I do, and I'd be lost without the feature that allows my one peanut to control two Tivo sets. I have three other family households in our family where they use two Tivos on one set, also.

Just wanted you to know we're out there.

Barbeedoll


----------



## mattack (Apr 9, 2001)

n21jc said:


> Who the heck has 2 Tivos hooked up to the same tv in the first place?


I have *4* tivos plus a non-tivo hard drive/DVD recorder that could all theoretically be hooked up to my single TV right now.. (One Tivo is actually unplugged at the moment however).

Since my TV only has 2 inputs, and the cheapo little switchbox I got a long time ago broke, I'm actually using the video inputs of the non-Tivo recorder to switch between 2 of the Tivos, and the newest Tivo (Tivo HD) is hooked to my other TV input.

The other S1 will likely be turned off soon (will probably let my parents use it for the free year after xferring lifetime).. and the first S1 will have its free year expire in the middle of January.. (From the S3 lifetime xfer).


----------



## n21jc (Mar 17, 2006)

Why do you have more than one tivo per tv? Is it to increase the recording capacity and/or in case of recording conflicts?


----------



## barbeedoll (Sep 26, 2005)

n21jc said:


> Why do you have more than one tivo per tv? Is it to increase the recording capacity and/or in case of recording conflicts?


Yes. It also means that I can watch more shows on that conveniently located TV without waiting for MRV transfers.

Both have Lifetime service, so there is no reason for me to upgrade to a dual tuner.

Barbeedoll


----------



## hummingbird_206 (Aug 23, 2007)

n21jc said:


> Why do you have more than one tivo per tv? Is it to increase the recording capacity and/or in case of recording conflicts?
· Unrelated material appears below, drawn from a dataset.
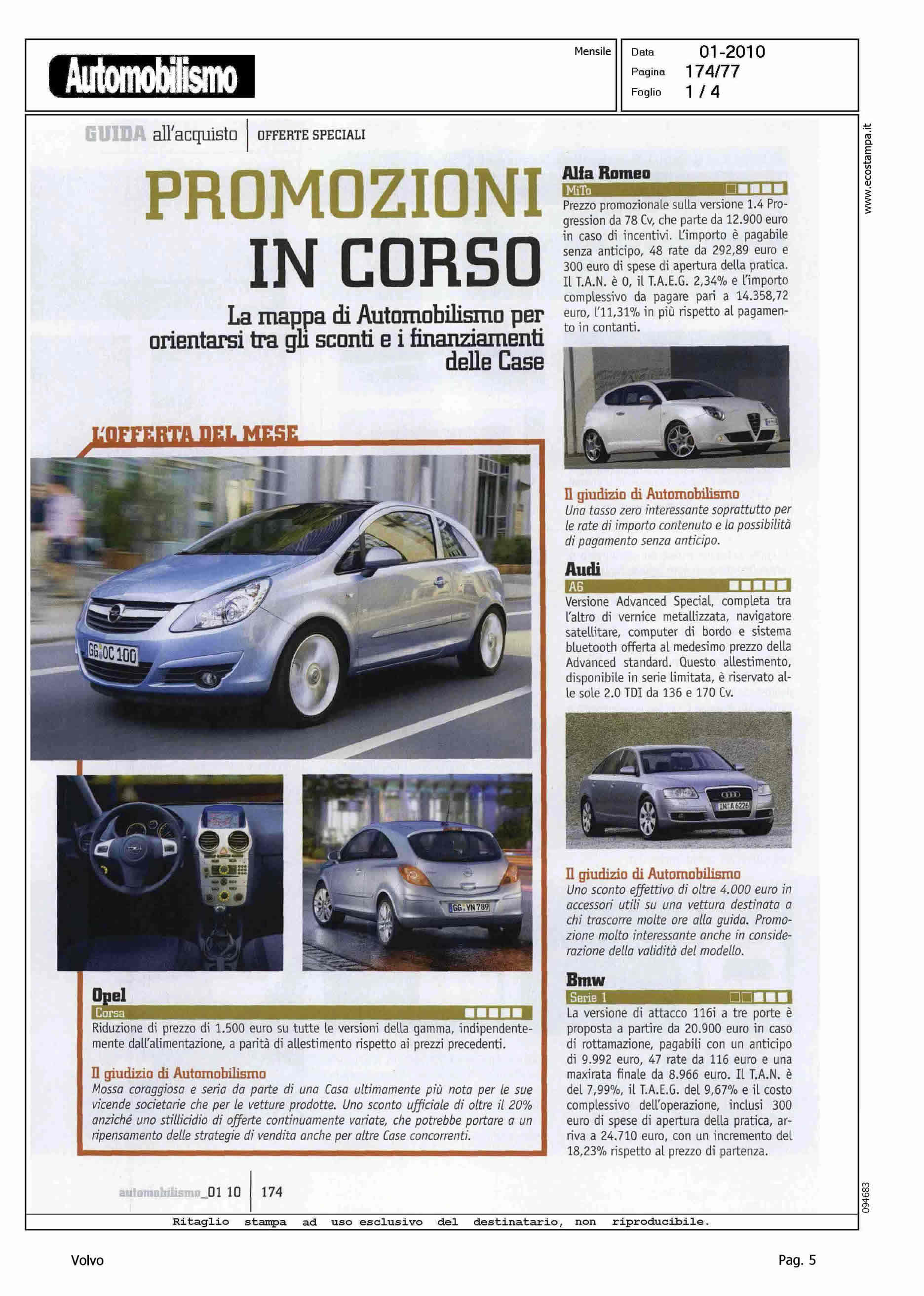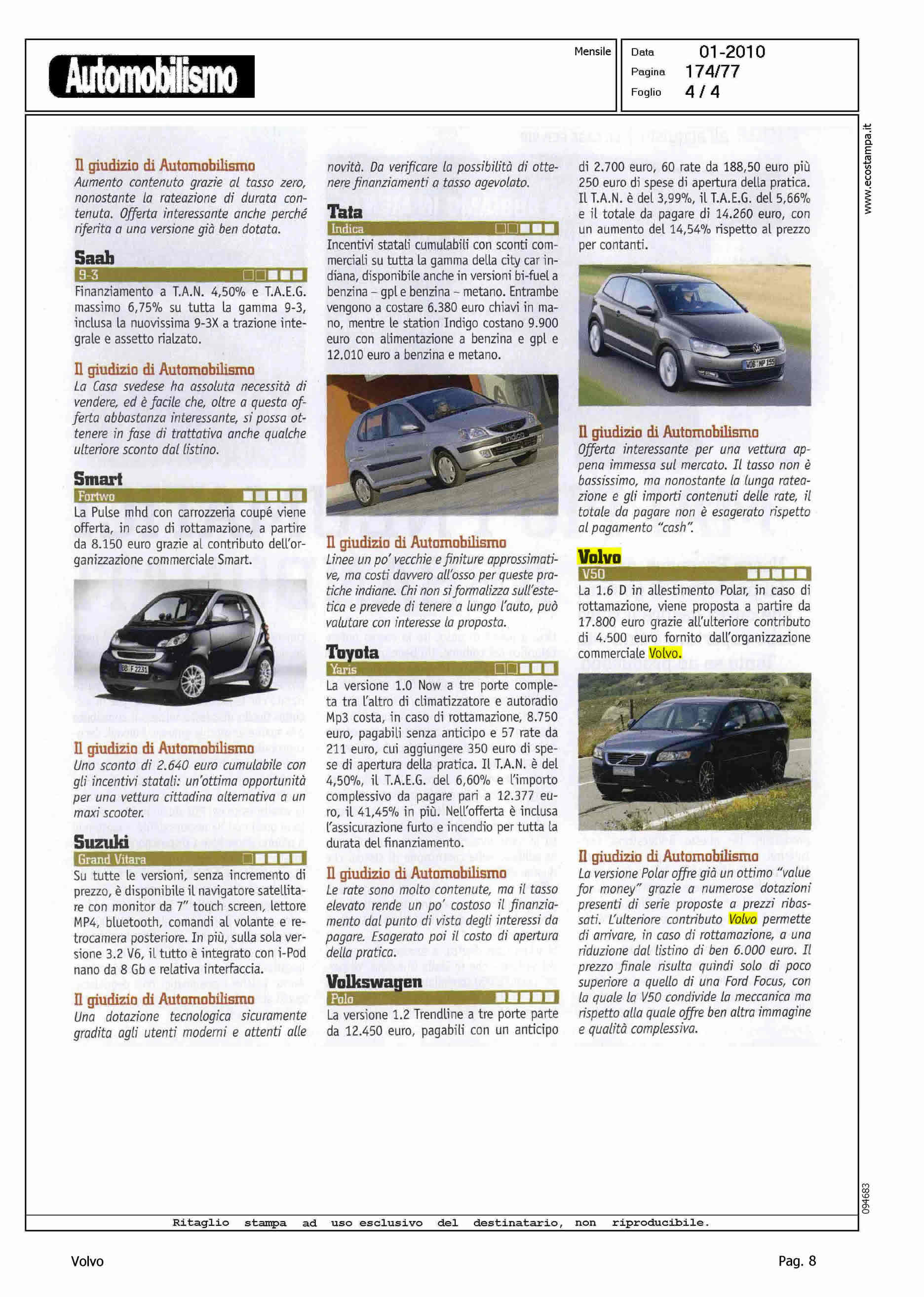 Author: Line: Corporate Model: Volvo S40 - V50 Subject: - Title: PROMOZIONI IN CORSO - VOLVO V50 - POLARHighlight: PREZZO - GIUDIZIO DI AUTOMOBILISMO - ROTTAMAZIONE, PREZZO - COMPARAZIONE CON F. FOCUS - MECCANICA - IMMAGINE
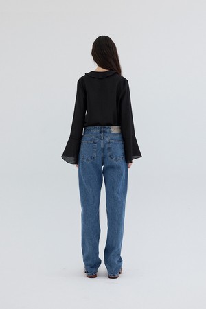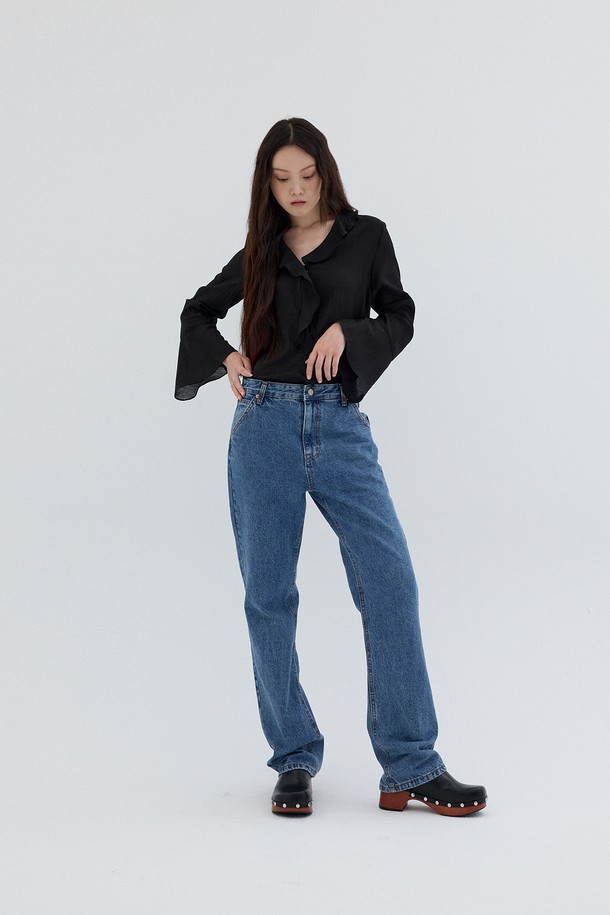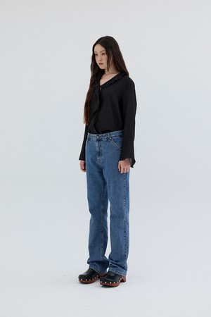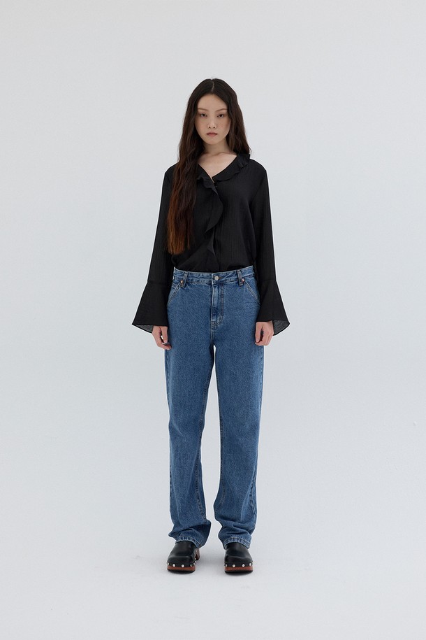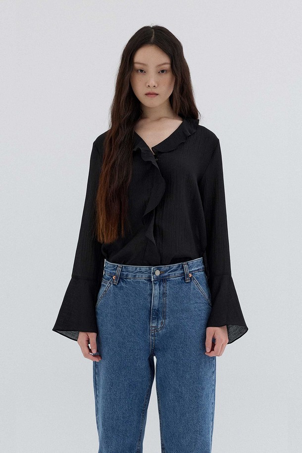 TEXTURED FRILL BLOUSE_BLACK

I have an S3 and S2 both connected to the same TV and love that 1-2 switch. I purchased the S3 so that I could record in HD, but kept the S2 connected to record non-HD (to save space on the S3 for HD content) as well as to record on Thursday nights when there are 3 shows I want at the same time.


----------



## megazone (Mar 3, 2002)

hummingbird_206 said:


> I have an S3 and S2 both connected to the same TV


Same here. The S3 is my main unit, but the S2 is a Pioneer TiVo/DVD combo. I use that as a kind of backup, and to record anything I know I'll want burned to DVD. I also have my LD player setup so I can rip LDs into the TiVo, then burn them to DVD.


----------